Özgürlük Gardiyanları


Senin hiç sevdiğin oldu mu doktor? diye yanaştı hafif kavruk kız. Hiç kavuşamadığın oldu mu ? Ben çok sevdim de ondan burdayım.

-İstemedi mi ailen?

Yok ailem ses etmedi de o beni istemedi dedi. Hafif yutkundu, ben de onu istemedim. 

Özgürlüğün çığlık attığı yerde geçti bu konuşmalar. Cam çerçeve her yerdeydi nasıl özgür olsundu genç kız. Gururu ailesinin kapattığı ve tedavisinin bitmesine rağmen almaya gelmedikleri akıl hastanesinde bile sessiz sedasız devam ediyordu.

Sevseydin anlardın beni. Bana deli diyorlar ama değilim ben. Deliysem de kime ne??  Hem aşktan güzel sebep mi var delirmeye?

geleceğim, bekle dedi, gitti
ben beklemedim,
o da gelmedi
ölüm gibi bir şey oldu
.
ama kimse ölmedi

 Özgürlüğün demir parmakların ardında saklanmadan umarsızca ortaya çıktığı yer akıl hastaneleri. Orda herkes saf, en doğal haliyle. 

Versene bir sigara diye yanaştı ardından 22 yaşındaki güzel kız. Dostluğumuzu pekiştirmekti amacı, sigara bahane. O sizin sürekli yargısızca infaz ettiğiniz gönül eğlendirdiğiniz kızlardan yalnızca biri.
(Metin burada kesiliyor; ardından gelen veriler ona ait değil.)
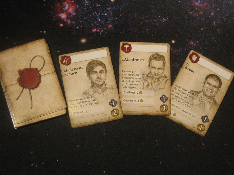 Voici trois types de conseillers. De ce que j'ai vu, toutes les cartes sont différentes. Je n'ai pas regardé en détail car je ne veux pas non plus être spoilé pour ma partie.

 Benim işim içki içirmek, hem paramı kazanıyorum hem de bana güzel sözler söylüyorlar mutlu oluyorum. 3 yaşındayken yolu yurda düşüyor. Orada ki günlerini özlemle anlatıyor halbuki.Yuvamda her şey güzeldi diyor. Adı yuva ya belki onun huzurunu düşürüveriyor çelimsiz gölgesine.

Kanadı kırık kuş merhamet ister diyor şair. Merhamet onun için bir dublenin ardına saklanmış. Arıyor, onu da bulamıyor. Kalbinde merhamet çınarı olanı tanımıyor musun sen ? denmiyor. Dile yine kepenkler vuruluyor.